::: Extracted data :::
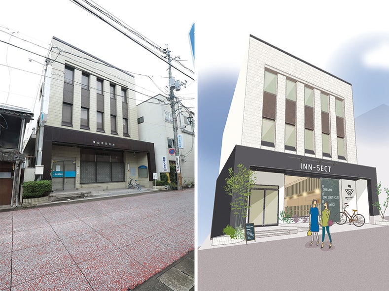 ▼左:津山信用金庫中央支店ビル跡地 / 右:リノベーション後の「INN-SECT」イメージ
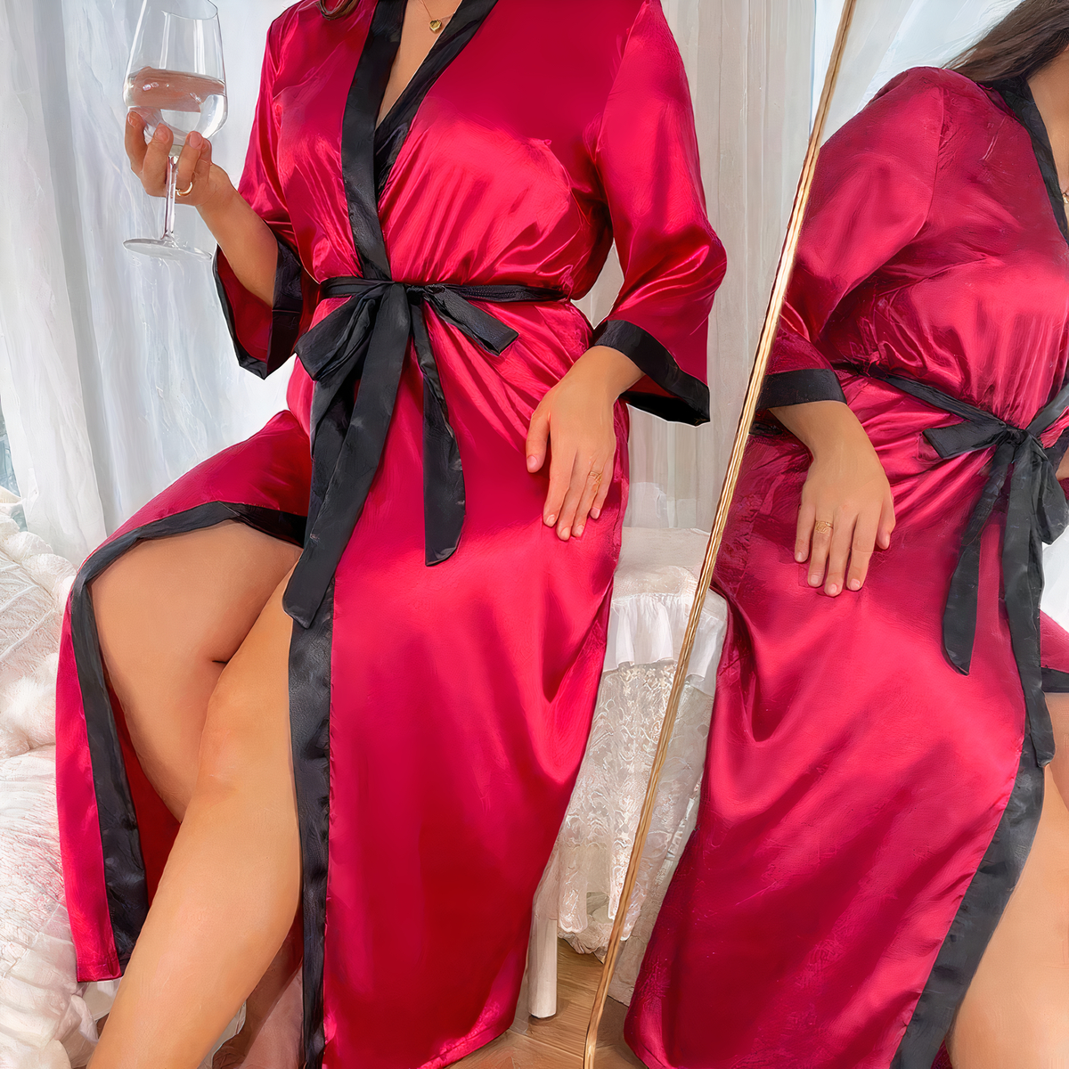 Pour vous détendre après une journée de travail ou simplement vous sentir belle et élégante à la maison, cette robe de chambre rouge et noire en satin pour femme est un choix idéal. Enfilez cette robe de chambre en satin pour des soirées romantiques et captivez le regard de votre partenaire.
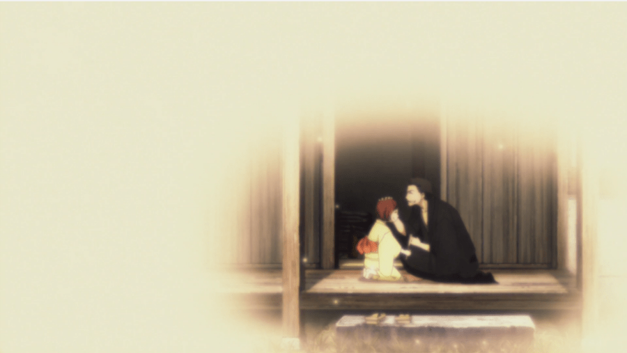 The second episode flashes back a few decades to Yakumo and Sukeroku’s youth together. Yakumo, the son of a geisha, is known as Bon, trained as a dancer until crippled by an accident. Now with no place in the floating world, Bon is sold as an apprentice to a rakugoka, the current Yakumo Yurakutei. Sukeroku, then named Shin, became an apprentice at the same time when he impressed Yakumo by imitating a rakugo performance he saw. Bon has a serious temperament and no interest in rakugo, so he feels out of place, especially next to the vivacious and outgoing Shin.
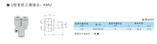 SMC型U型變徑三通接頭KMU23-04,KMU03-04,KMU04-06,
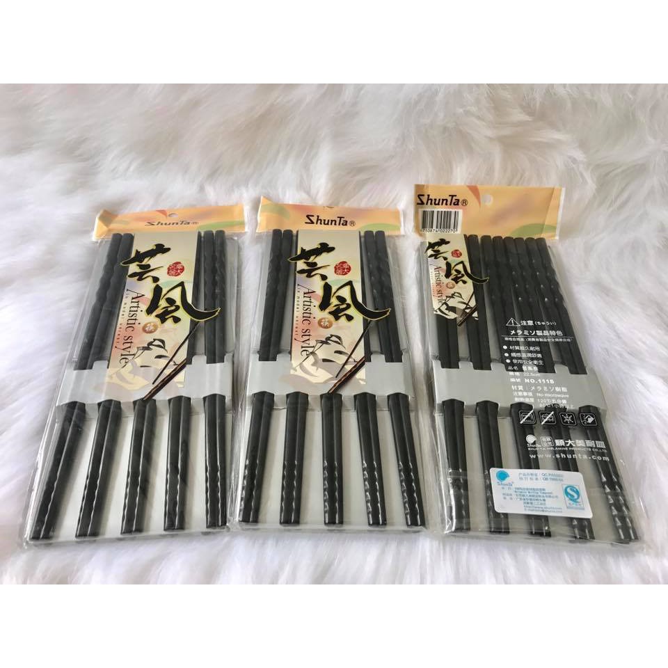 Đũa Nhật ShunTa Đen Xoắn Cao Cấp 22.5cm 10 đôi/bao
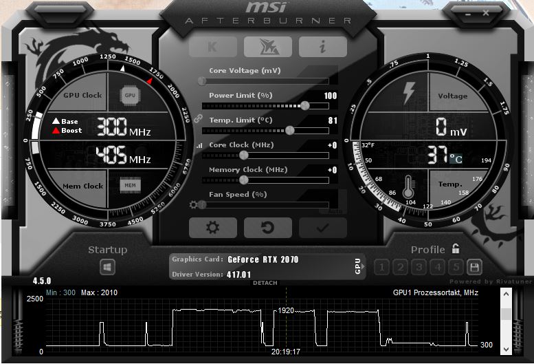 Bin allerdings noch nicht zufrieden, denn sie geht nicht über ~2085 obwohl Temp bei ~46°C und PT noch nicht erreicht. (GPU-Z zeigt Idle ber PerfCap Reason an) Jemand eine Idee?
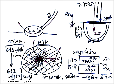 И это является всей сутью Торы. У меня есть 613 желаний, и я должен притянуть к ним 613 светов. Все эти 613 светов называются Тора – света, исправляющие желания. А 613 желаний называются душа. Получается, что для исправления души нам необходима Тора. Мы должны привыкнуть к этим понятиям, чтобы не запутаться в том, что будем читать далее.
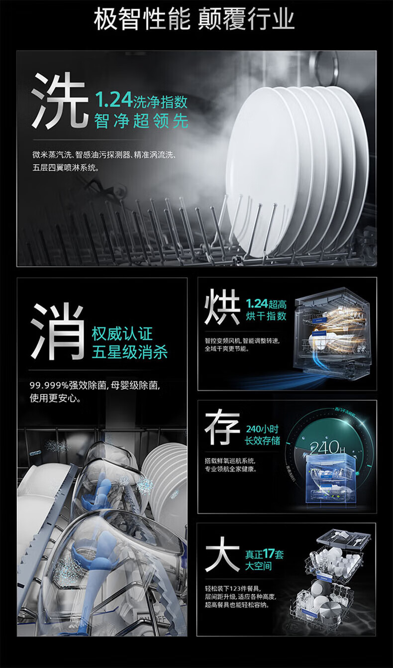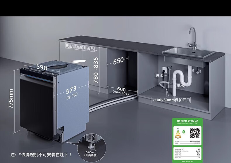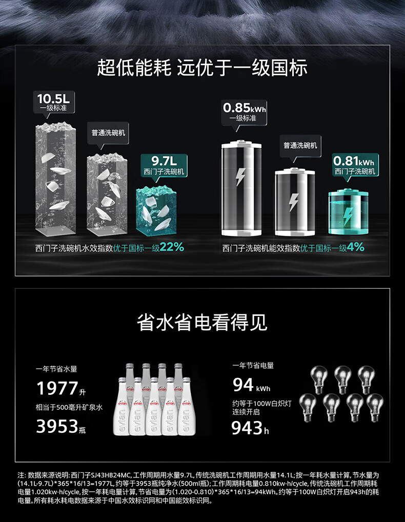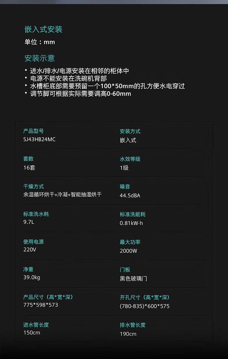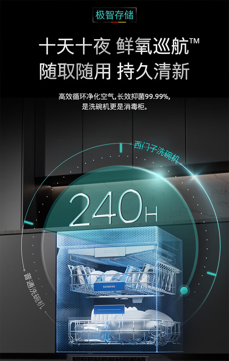 SIEMENS built-in dishwasher 16 sets SJ43HB24MC five-star disinfection, intelligent dehumidification and drying, patented smart oil stain built-in SJ43HB24MC-black glass door panel
:::
● Aim of the task
Write out all of the records above. Keep them exact and leave out the pictures.

● Reply
 ▼左:津山信用金庫中央支店ビル跡地 / 右:リノベーション後の「INN-SECT」イメージ
 Pour vous détendre après une journée de travail ou simplement vous sentir belle et élégante à la maison, cette robe de chambre rouge et noire en satin pour femme est un choix idéal. Enfilez cette robe de chambre en satin pour des soirées romantiques et captivez le regard de votre partenaire.
 The second episode flashes back a few decades to Yakumo and Sukeroku’s youth together. Yakumo, the son of a geisha, is known as Bon, trained as a dancer until crippled by an accident. Now with no place in the floating world, Bon is sold as an apprentice to a rakugoka, the current Yakumo Yurakutei. Sukeroku, then named Shin, became an apprentice at the same time when he impressed Yakumo by imitating a rakugo performance he saw. Bon has a serious temperament and no interest in rakugo, so he feels out of place, especially next to the vivacious and outgoing Shin.
 SMC型U型變徑三通接頭KMU23-04,KMU03-04,KMU04-06,
 Đũa Nhật ShunTa Đen Xoắn Cao Cấp 22.5cm 10 đôi/bao
 Bin allerdings noch nicht zufrieden, denn sie geht nicht über ~2085 obwohl Temp bei ~46°C und PT noch nicht erreicht. (GPU-Z zeigt Idle ber PerfCap Reason an) Jemand eine Idee?
 И это является всей сутью Торы. У меня есть 613 желаний, и я должен притянуть к ним 613 светов. Все эти 613 светов называются Тора – света, исправляющие желания. А 613 желаний называются душа. Получается, что для исправления души нам необходима Тора. Мы должны привыкнуть к этим понятиям, чтобы не запутаться в том, что будем читать далее.
 SIEMENS built-in dishwasher 16 sets SJ43HB24MC five-star disinfection, intelligent dehumidification and drying, patented smart oil stain built-in SJ43HB24MC-black glass door panel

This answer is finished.